* **WHAT NEEDS TO BE DONE**:
Under this line are records; the part from the line containing "За перше півріччя" through the line containing "Kini menikmati cemilan" should be repeated exactly. Please exclude pictures.

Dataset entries
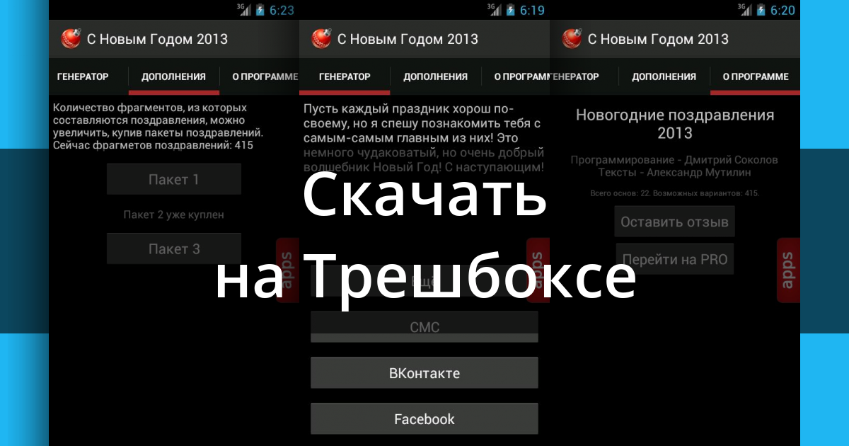 Генерация Новогодних поздравлений, отправка СМС или публикация в ВКонтакте.
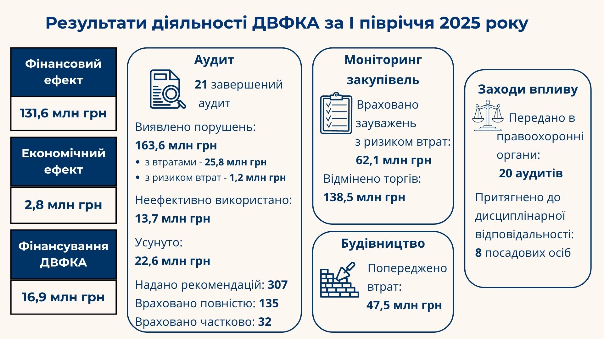 За перше півріччя 2025 року, завдяки врахуванню рекомендацій Департаменту, вдалося заощадити та повернути 131,6 млн грн комунальних ресурсів (фінансовий ефект) та усунути порушення, що не призвели до втрат або отримати вигоду від рекомендацій у майбутньому на 2,8 млн грн (економічний ефект) у порівнянні з фактичним фінансуванням Департаменту 16,9 млн грн.
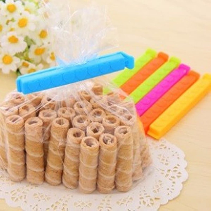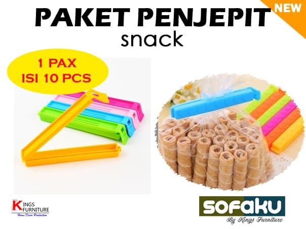 Kini menikmati cemilan tanpa khawatir tumpah saat disimpan dan praktis digunakan. Alat penjepit kemasan snack dengan warna lucu menarik membuat makanan snack / kerupuk tidak melempem dan bisa digunakan berulang kali.
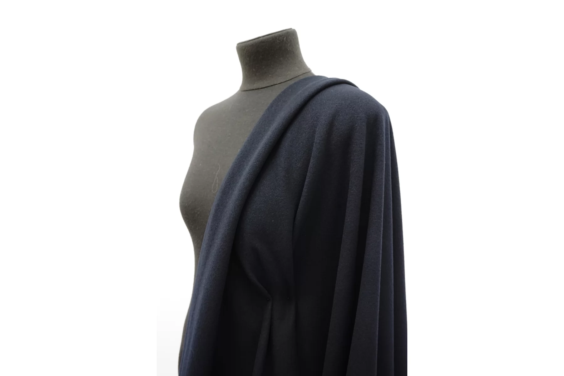 Пальтовая шерсть темно-синего цвета, достаточно тонкая - около 1 мм в толщину, поверхность велюровая, тактильно приятная. Подойдет для изделий зимнего сезона - пальто-халат, классическое пальто, пальто-рубашка - для женского и мужского гардероба.
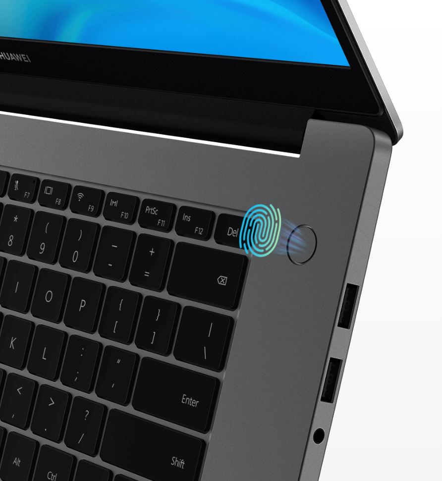 Tvůj prst je tvoje propustka pro plný přístup k HUAWEI MateBook D 15. Stiskni tlačítko napájení (které je zároveň i tlačítkem otisku prstu) v pravém horním rohu klávesnice. To přečte tvůj originální otisk, zapne se a okamžitě tě přihlásí.
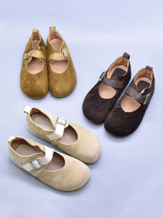 软底覆古圆头玛丽珍女鞋2025秋季牛皮内增高单鞋文艺一脚蹬小皮鞋

* **RESULT**:
 За перше півріччя 2025 року, завдяки врахуванню рекомендацій Департаменту, вдалося заощадити та повернути 131,6 млн грн комунальних ресурсів (фінансовий ефект) та усунути порушення, що не призвели до втрат або отримати вигоду від рекомендацій у майбутньому на 2,8 млн грн (економічний ефект) у порівнянні з фактичним фінансуванням Департаменту 16,9 млн грн.
 Kini menikmati cemilan tanpa khawatir tumpah saat disimpan dan praktis digunakan. Alat penjepit kemasan snack dengan warna lucu menarik membuat makanan snack / kerupuk tidak melempem dan bisa digunakan berulang kali.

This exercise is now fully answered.